Work task
All lines below between the line with "截至4月13日,据Wind统" and the line with "سلسال بينك بالاسم مع ووردة أنيقة", including both, must be copied exactly, and the pictures must be omitted.

Raw data
Segment Open
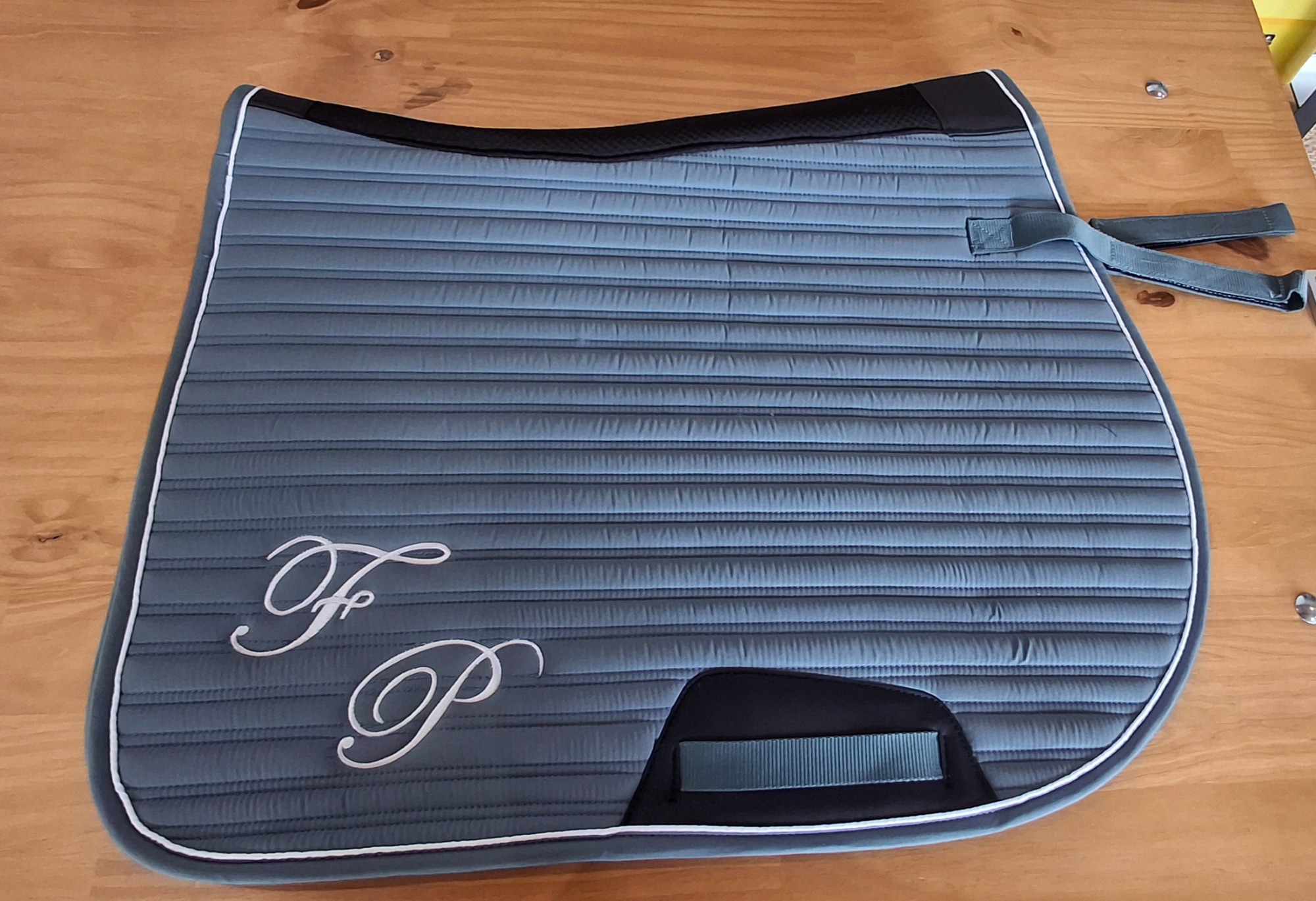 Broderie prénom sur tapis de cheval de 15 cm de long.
Segment Closed
Segment Open
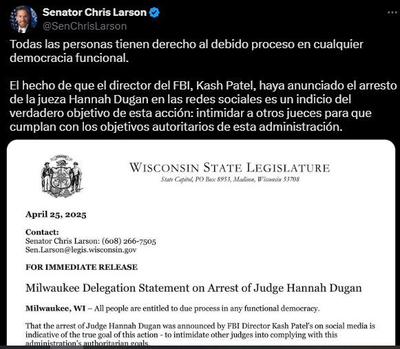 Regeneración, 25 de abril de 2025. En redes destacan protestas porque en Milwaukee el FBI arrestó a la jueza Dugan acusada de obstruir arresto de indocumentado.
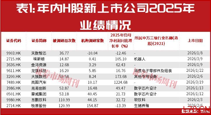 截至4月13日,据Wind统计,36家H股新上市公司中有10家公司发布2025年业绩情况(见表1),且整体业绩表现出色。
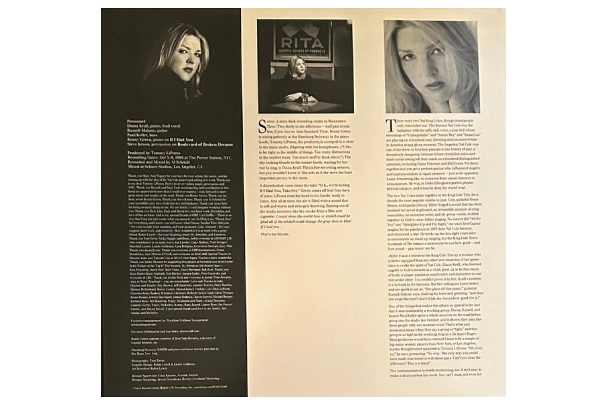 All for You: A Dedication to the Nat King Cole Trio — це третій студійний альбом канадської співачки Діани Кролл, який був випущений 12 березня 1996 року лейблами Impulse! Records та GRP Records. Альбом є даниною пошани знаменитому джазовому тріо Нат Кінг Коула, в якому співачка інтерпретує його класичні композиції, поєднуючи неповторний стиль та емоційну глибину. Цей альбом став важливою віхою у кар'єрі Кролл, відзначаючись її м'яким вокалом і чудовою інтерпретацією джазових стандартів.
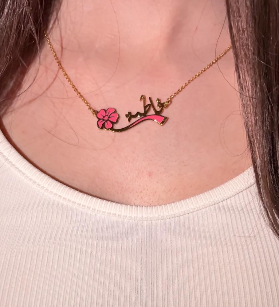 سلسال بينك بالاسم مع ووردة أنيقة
Segment Closed
The answer
 截至4月13日,据Wind统计,36家H股新上市公司中有10家公司发布2025年业绩情况(见表1),且整体业绩表现出色。
 All for You: A Dedication to the Nat King Cole Trio — це третій студійний альбом канадської співачки Діани Кролл, який був випущений 12 березня 1996 року лейблами Impulse! Records та GRP Records. Альбом є даниною пошани знаменитому джазовому тріо Нат Кінг Коула, в якому співачка інтерпретує його класичні композиції, поєднуючи неповторний стиль та емоційну глибину. Цей альбом став важливою віхою у кар'єрі Кролл, відзначаючись її м'яким вокалом і чудовою інтерпретацією джазових стандартів.
 سلسال بينك بالاسم مع ووردة أنيقة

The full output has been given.